What I found is that the following code:

		<P> Publisher<P> publish(int segment, Function<Cursor, Flowable<P>> function) {
			return blockingManager.blockingPublisher(Flowable.using(() -> wrapIterator(getSegmentDb(segment)),
					cursor -> {
						if (cursor == null) {
							return Flowable.empty();
						}
						return function.apply(cursor);
					}, cursor -> {
						if (cursor != null) {
							if (log.isTraceEnabled())
								log.tracef("Closing cursor %s", cursor.toString());
							Transaction tx = cursor.getTransaction();
							cursor.close();
							if (log.isTraceEnabled())
								log.tracef("Closing transaction %s", tx.toString());
							tx.close();
						}
					}));
		}

would trigger a critical error at cursor.close(). Here is the log where it finally happened:

09:42:45.371  [blocking-thread--p3-t2] ::: TRACE o.i.persistence.mdbx.MdbxDbStore - Closing cursor Cursor[Id:1570174338, db:Database [id=21, name=datasegmentdb_19], txn:Transaction [ThreadId=259, Id=836]
09:42:45.371  [blocking-thread--p3-t2] ::: TRACE o.i.persistence.mdbx.MdbxDbStore - Closing transaction Transaction [ThreadId=259, Id=836]
09:42:45.389  [non-blocking-thread--p2-t12] ::: TRACE o.i.persistence.mdbx.MdbxDbStore - Closing cursor Cursor[Id:1324656279, db:Database [id=22, name=datasegmentdb_20], txn:Transaction [ThreadId=259, Id=836]

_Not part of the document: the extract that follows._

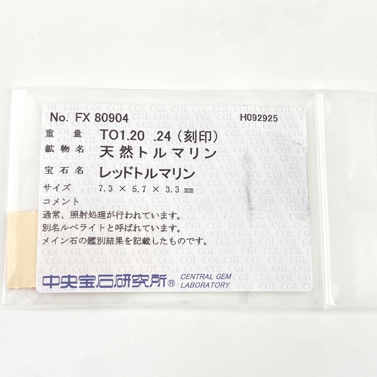 | レッドトルマリン:1.20ct、メレダイヤ:0.24ct 中古品の為、若干のキズや汚れ、レッドトルマリンにキズがございます。 |

The first 2 lines show a normal close cursor followed by close transaction. All the normal one are on thread 'blocking-thread--p3-t2` while the offending one is on thread 'non-blocking-thread--p2-t12'.

This error has never happened at any other time that at startup time. My question is, should I expect to have calls from threads that don't own the transaction ? Here we can work in a thread safe way, but the thread that opens a transaction owns it and should be used for all related operations on that transaction.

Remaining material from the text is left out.